= Your goal =
Set down the first line below and each line after it, ending with the one that holds "Dalam sambutannya sebelum". Pictures do not belong in the copy.

(The input begins)

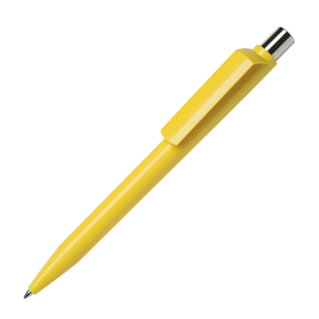Maxema-Kugelschreiber DOT D1 C CR mit glänzend farbigem Gehäuse und Clip, glänzend farbigem Element im verchromten Drücker. Ausgestattet mit einer Jumbo-Mine mit blauer Dokumental-Tinte für bis zu 2.500 Meter Schreibvergnügen. Gehäuse, Clips und das Element im Drücker sind in bis zu 20 Farben erhältlich, die pro Komponente ab 2.000 Stück miteinander kombiniert werden können.
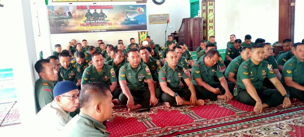 Dalam sambutannya sebelum pelaksanaan do’a Kapten Inf Salim mengingatkan agar kita semua memohon kepada Tuhan Yang Maha Esa agar dalam pelaksanaan seluruh kegiatan HUT TNI yang ke-78 ini diberi kelancaran dan kesuksesan, dan kedepannya TNI semakin kuat dan hebat bersama-sama rakyat dalam mengawal negara Republik Indonesia.
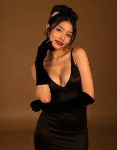 This is a photograph of an Asian woman posing in a sultry,elegant manner. She is standing against a soft,warm background that is likely a gradient of brown and beige tones. Her skin is fair and smooth,with a slight golden hue. Her dark brown hair is styled in an intricate updo,adorned with a sparkling hair accessory that adds a touch of glamour.,She is wearing a form-fitting,black dress with a deep V-neckline that exposes her shoulders and upper back. The dress is made of a luxurious,satin-like fabric that drapes elegantly over her slender frame. She is accessorized with long,black velvet gloves that extend past her elbows,adding a touch of vintage sophistication.,Her makeup is striking,with bold red lipstick and subtle eyeshadow that enhances her large,expressive eyes. She is gazing directly into the camera with a seductive expression,her lips slightly parted and her right gloved hand gently touching her cheek.,In the foreground,there is a soft,warm light source that casts a gentle glow,highlighting her features and creating a warm,intimate atmosphere. The overall mood of the photograph is elegant and sensual,with a vintage-inspired aesthetic.,
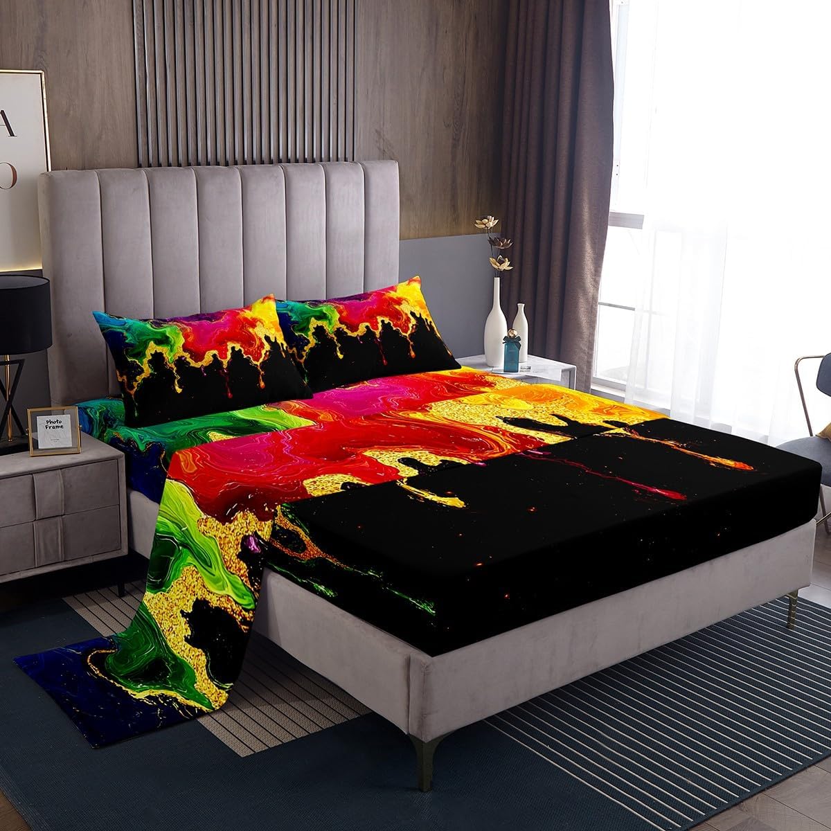 We Have Been Listening to The Opinions of Our Customers From The Reviews,So We Developed a New Bed Sheet Set and Added Flat top Sheets to Meet The Needs of More People.Our Bedroom Decor Bed Sheets Set Look with The Vivid Stylish and Elegant Print Bedding Set. Size Information Twin Size Includes: 1 Pillowcase(20”x30”) and 1 Fitted Sheet(39”x75”x16") and 1 Flat Sheet 96x66" Full Size Includes: 2 Pillowcases(20”x30”) and 1 Fitted Sheet(54”x75”x16") and 1 Flat Sheet 96x81" Queen Size Includes: 2 Pillowcases(20”x30”) and 1 Fitted Sheet(60”x80”x16") and 1 Flat Sheet 102x90" King Size Includes: 2 Pillowcases(20”x35”) and 1 Fitted Sheet(78”x80”x16") and 1 Flat Sheet 106x90" Materials: Luxuriously Brushed Microfiber Fabric Fabric and Design: Silky Soft Brushed Microfiber Cotton Feel Material Bed Set Bedding Set Fashion forward Inspired 3D Print Patterned Technique Flat Fitted Sheet Top Sheet Features: Luxuriously Soft Feel for a Great Night Sleep with Less tossing and Turning Just The Right Fill to Keep You Warm In The Winter and Comfortable In The Summer Built to Last with Premium Fabrics and Expert Stitching Care Instructions Dry Clean Preferred.Machine Washable,Use Front Loader Machine(Or top Loader without Agitator)to Avoid Tearing,Use Cold Water on Gentle Cycle,Tumble Dry Low.
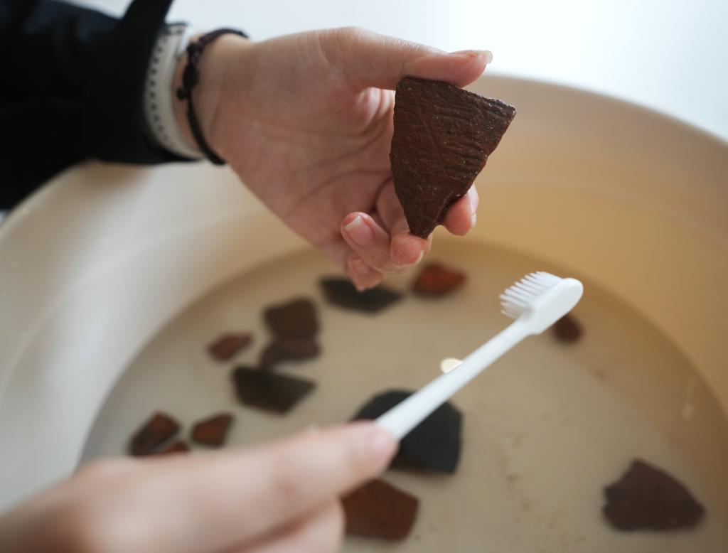 3月11日,在辽宁省朝阳市北票市的考古人员住所,考古人员在清洗调查现场发现的碎陶片。当日,来自辽宁省文物考古研究院的考古人员在辽宁省朝阳市双塔区调查红山文化遗址。此前,考古人员在辽宁省朝阳市凌源无白丁遗址群新发现多处红山文化遗迹。新华社记者 李钢 摄

(The input ends)

= Output below =
Maxema-Kugelschreiber DOT D1 C CR mit glänzend farbigem Gehäuse und Clip, glänzend farbigem Element im verchromten Drücker. Ausgestattet mit einer Jumbo-Mine mit blauer Dokumental-Tinte für bis zu 2.500 Meter Schreibvergnügen. Gehäuse, Clips und das Element im Drücker sind in bis zu 20 Farben erhältlich, die pro Komponente ab 2.000 Stück miteinander kombiniert werden können.
 Dalam sambutannya sebelum pelaksanaan do’a Kapten Inf Salim mengingatkan agar kita semua memohon kepada Tuhan Yang Maha Esa agar dalam pelaksanaan seluruh kegiatan HUT TNI yang ke-78 ini diberi kelancaran dan kesuksesan, dan kedepannya TNI semakin kuat dan hebat bersama-sama rakyat dalam mengawal negara Republik Indonesia.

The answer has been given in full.